> **DATASET EXCERPT**:
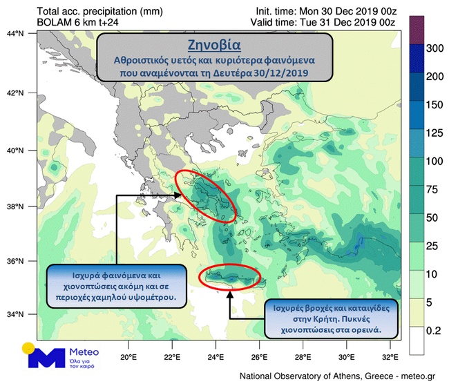 Πιο αναλυτικά, τη Δευτέρα 30/12 αναμένονται χιονοπτώσεις ακόμη και σε περιοχές χαμηλού υψομέτρου της Ανατολικής Θεσσαλίας και Στερεάς Ελλάδας, της Εύβοιας και της Βορειοανατολικής Πελοποννήσου και στα ορεινά της Κρήτης. Ασθενείς τοπικές χιονοπτώσεις θα σημειωθούν στη Θράκη και στη Δυτική Μακεδονία. Ισχυρές βροχές και καταιγίδες θα σημειωθούν στο Ανατολικό, Κεντρικό και Νότιο Αιγαίο και ιδιαίτερα στην Κρήτη καθώς και στην Αττική, την Εύβοια και την Βοιωτία. Ο ολικός υετός (βροχή/χιόνι) καθώς και τα σημαντικότερα φαινόμενα που αναμένονται έως το βράδυ της Δευτέρας 30/12 παρουσιάζεται στον χάρτη που ακολουθεί.
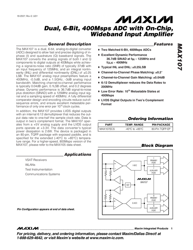 MAX107 Dual, 6-Bit, 400Msps ADC with On-Chip, Wideband Input Amplifier
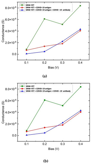 The presence of the spike protein can be detected as a function of the change in conductivity and current of the SiNW-FET biosensor. Th SiNW-FET sensor was tested for different types of viruses. The variation in the current was used to evaluate the sensor performance. The change in the current was calculated as the current for the sensor due to the placement of the target molecule minus the current of the bare sensor. The drop of the drain current of the SiNW-FET sensor after placing the target molecule was due to the negatively charged spike protein, which induced excess hole carriers. Figure 7a reveals that the bare SiNW-FET has higher conductance than the SiNW-FET + COVID-19 antigen or the SiNW-FET + COVID-19 antibody + COVID-19 antigen. The addition of the antigen or antigen and antibody together modifies the surface of the SiNW-FET resulting in a conductance reduction. The decrement in the SiNW-FET mobility occurred due to additional sources of dispersion of the charge carrier. This variation in conductance results in a unique signature due to the physical and chemical structures of the target molecule. The COVID-19 spike protein is negatively charged, which binds with the antibody resulting in a decrement in the conductance and current response. SiNW-FET shows a maximum conductivity at 0.2 V. Thereafter, the conductivity gets reduced. The reduction in conductance at 0.3 V is due to the negative differential resistance. Figure 7a shows the conductance while Figure 7b shows the current–voltage curves for the SiNW-FET at 0.1, 0.2, 0.3, and 0.4 V before and after placing the COVID-19 spike protein. The variation in current due to the COVID-19 placement on the biosensor channel indicates the successful detection of the COVID-19 virus. The adsorbed spike protein interacts with the SiNW-FET channel and modifies its conductivity by modifying the carrier’s concentration.

> **INSTRUCTIONS FOR THE TASK**: Transcribe the listing in full. Leave the pictures out.

> **RESULT FOR THIS EXERCISE**:
 Πιο αναλυτικά, τη Δευτέρα 30/12 αναμένονται χιονοπτώσεις ακόμη και σε περιοχές χαμηλού υψομέτρου της Ανατολικής Θεσσαλίας και Στερεάς Ελλάδας, της Εύβοιας και της Βορειοανατολικής Πελοποννήσου και στα ορεινά της Κρήτης. Ασθενείς τοπικές χιονοπτώσεις θα σημειωθούν στη Θράκη και στη Δυτική Μακεδονία. Ισχυρές βροχές και καταιγίδες θα σημειωθούν στο Ανατολικό, Κεντρικό και Νότιο Αιγαίο και ιδιαίτερα στην Κρήτη καθώς και στην Αττική, την Εύβοια και την Βοιωτία. Ο ολικός υετός (βροχή/χιόνι) καθώς και τα σημαντικότερα φαινόμενα που αναμένονται έως το βράδυ της Δευτέρας 30/12 παρουσιάζεται στον χάρτη που ακολουθεί.
 MAX107 Dual, 6-Bit, 400Msps ADC with On-Chip, Wideband Input Amplifier
 The presence of the spike protein can be detected as a function of the change in conductivity and current of the SiNW-FET biosensor. Th SiNW-FET sensor was tested for different types of viruses. The variation in the current was used to evaluate the sensor performance. The change in the current was calculated as the current for the sensor due to the placement of the target molecule minus the current of the bare sensor. The drop of the drain current of the SiNW-FET sensor after placing the target molecule was due to the negatively charged spike protein, which induced excess hole carriers. Figure 7a reveals that the bare SiNW-FET has higher conductance than the SiNW-FET + COVID-19 antigen or the SiNW-FET + COVID-19 antibody + COVID-19 antigen. The addition of the antigen or antigen and antibody together modifies the surface of the SiNW-FET resulting in a conductance reduction. The decrement in the SiNW-FET mobility occurred due to additional sources of dispersion of the charge carrier. This variation in conductance results in a unique signature due to the physical and chemical structures of the target molecule. The COVID-19 spike protein is negatively charged, which binds with the antibody resulting in a decrement in the conductance and current response. SiNW-FET shows a maximum conductivity at 0.2 V. Thereafter, the conductivity gets reduced. The reduction in conductance at 0.3 V is due to the negative differential resistance. Figure 7a shows the conductance while Figure 7b shows the current–voltage curves for the SiNW-FET at 0.1, 0.2, 0.3, and 0.4 V before and after placing the COVID-19 spike protein. The variation in current due to the COVID-19 placement on the biosensor channel indicates the successful detection of the COVID-19 virus. The adsorbed spike protein interacts with the SiNW-FET channel and modifies its conductivity by modifying the carrier’s concentration.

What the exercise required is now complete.